So you have identified and confirmed that the issue is Rising Damp – What next? Tech-Dry have a brand of DIY Damp course solutions which will enable you to treat Rising Damp. Following we detail the necessary steps to assist you with this task.
Please note however, the DIY option is most cost effective and suitable for small areas only. Where you are seeking treatment for a whole house or the wall has been badly damaged by salt attack or is heritage listed we would always recommend seeking an experienced, licenced contractor to undertake the work.
The main and most widely accepted option to treat Rising Damp is the insertion of a new impervious damp proof course into the base of the wall.
One accepted method of doing this in Australia is chemical injection of a damp course liquid or cream through a series of holes drilled at the base of the wall to form a damp proof barrier. This is especially suitable for building owners or contractors with small jobs; a few metres of a wall or a brick fireplace.
Purchase some a Tech-Dry Damp course suitable to treat Rising Damp. We would recommend the use of the Tech-Dry damp course cream (DPC). It is user friendly, water-based and cost effective.
Where treating internally carefully remove any skirting boards to reveal the lowest mortar course just above the floor level.
If treating the external part of the wall, locate a mortar course 150mm above the ground level or just above the internal floor level.
Mark holes at approx. 80mm apart in the mortar bed. Avoid drilling holes directly above the vertical mortar joints of brick walls.
Set the drilling depth to 10mm less than the wall thickness. Drill 12mm holes into the mortar bed using a hammer drill.

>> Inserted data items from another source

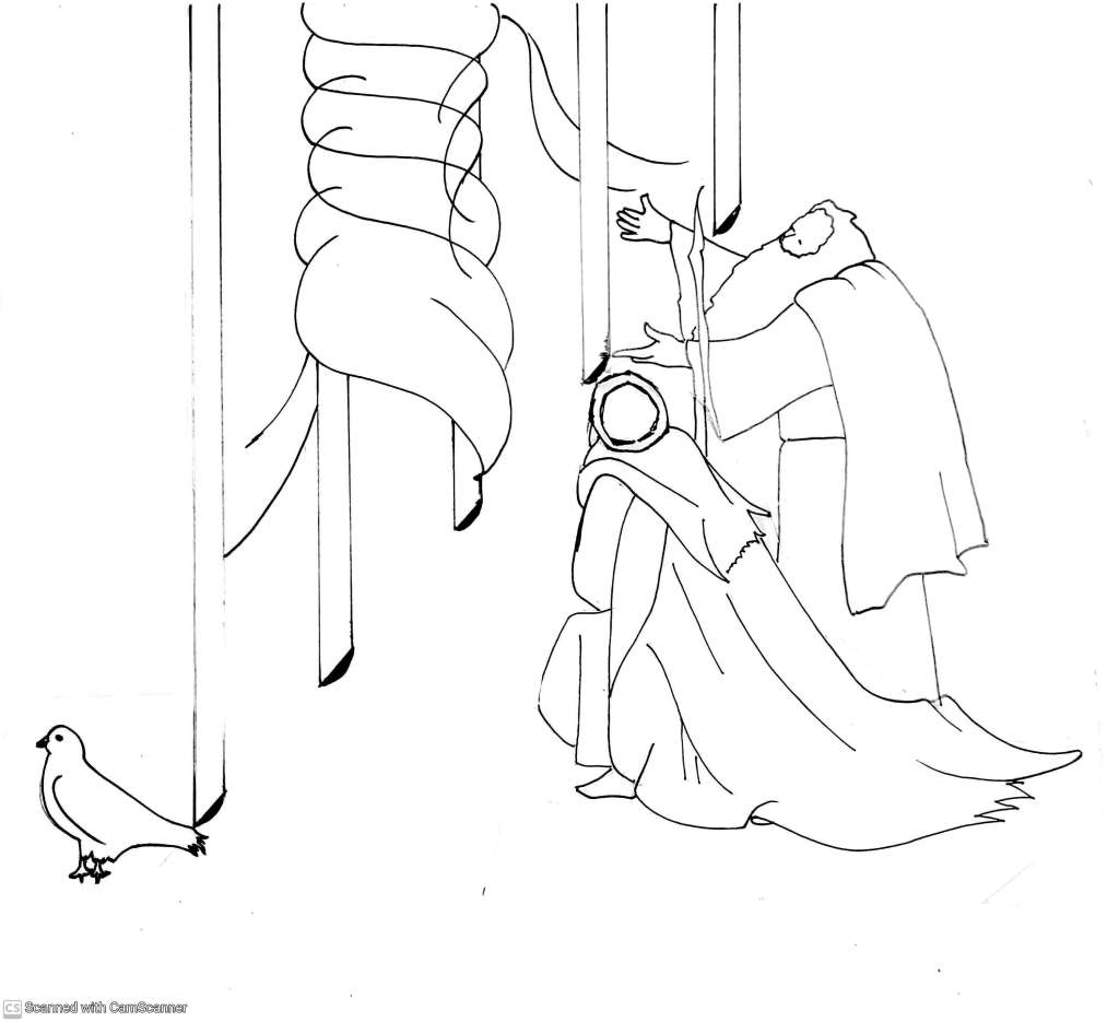 Joshua Ben Nun and Moses present themselves at the Tent of Meeting where G-d appears in a pillar of smoke.
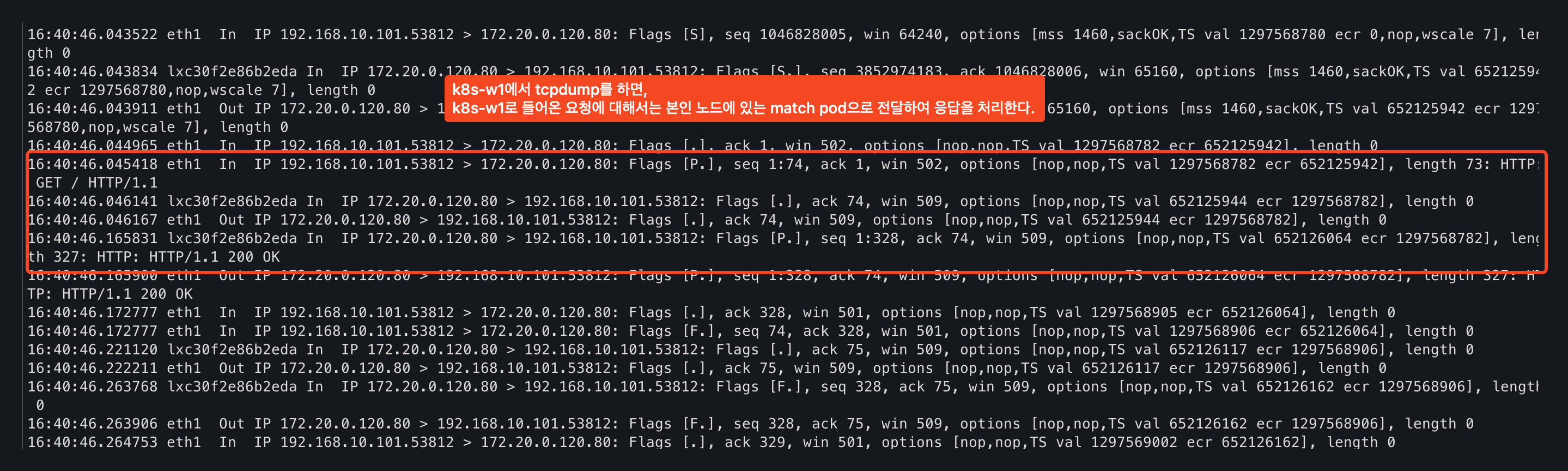 17:07:32.119131 eth1 Out IP k8s-ctr.37916 > 172.20.1.121.http: Flags [.], ack 1, win 502, options [nop,nop,TS val 2890472426 ecr 3819390684], length 0
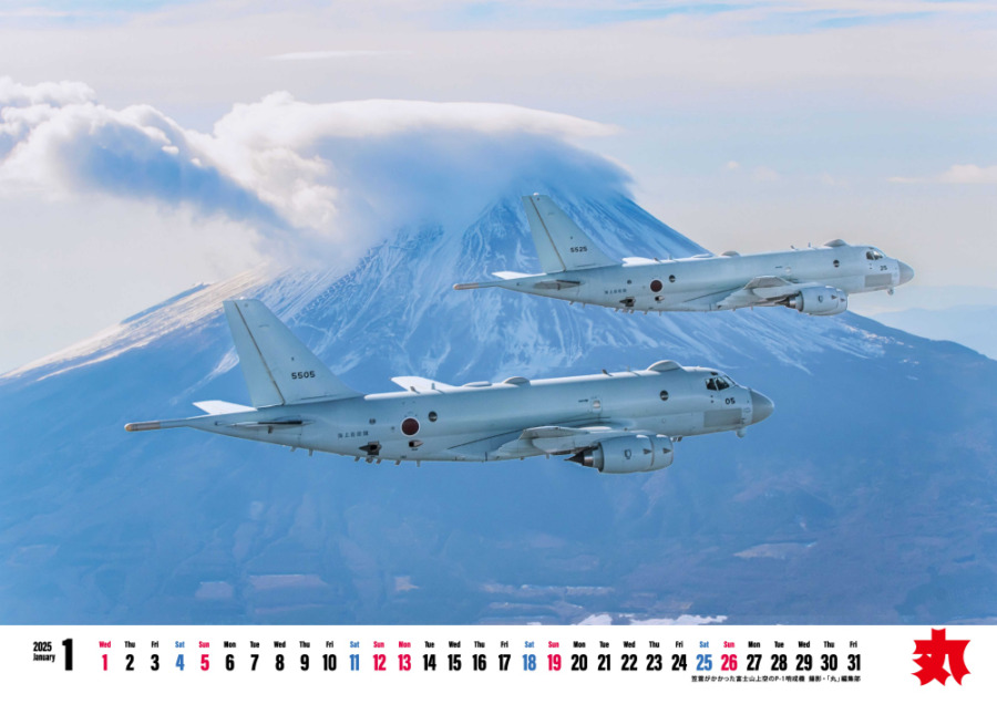 富士山をバックに飛ぶ哨戒機や最新型の護衛艦・潜水艦など迫力あるカットが満載です。

Remove all dust from the holes using a vacuum cleaner. It is important that no drill dust is left in the holes.
Inject DPC Cream into each hole using a standard caulking gun. Ensure the holes are filled fully with the cream and avoid any bubbles or hollows when filling.
The cream in the holes may take up to 24 hours or more to be fully absorbed by the mortar bed and bricks. After the cream has been absorbed there should be a continuous wet mark in the treated mortar and bricks above and below the treated mortar bed. If the penetration is not evident and/or has not reached the mortar in the middle of the two holes a second fill of the DPC cream may be required.
The final and probably most important step involves the gradual desalination of the wall, where the salts and moisture that are trapped within the wall have time to evaporate to the surface.
This normally takes between three and six months and we would recommend leaving the existing affected plaster / render / mortar on during this time.
Once the dry out period has passed this damaged plaster / render can be removed. We recommend removing approx. 300mm above the highest level of damp recorded and it must be removed all the way back to the stone/brick.
A new salt retardant plaster / render can then be applied to the wall ensuring not to cover/ bridge the new damp proof course. A small gap at the base of the internal plaster / external plaster must be left to protect the damp proof course. Skirtings can be replaced however to cover this gap in the plaster work.
It is important to use a cement / sand render with salt retarding admixture in the mix.
It is also recommended after this dry out period that any loose and affected mortar is also removed. This must be replaced with a soft lime mortar. (Please see notes on residual salts)
Once the plaster / render / mortar has been replaced and dried any decorating of these areas such as painting, wall papering can be undertaken.
Note: Residual Salts
It is important to note that there may be situations where small traces of hygroscopic salts will remain in the wall despite removal efforts. These salts in some instances can bleed out into new plaster / render / mortar. These salts are not an indication that the treatment has not been successful. Further maintenance on these areas may be required in the future.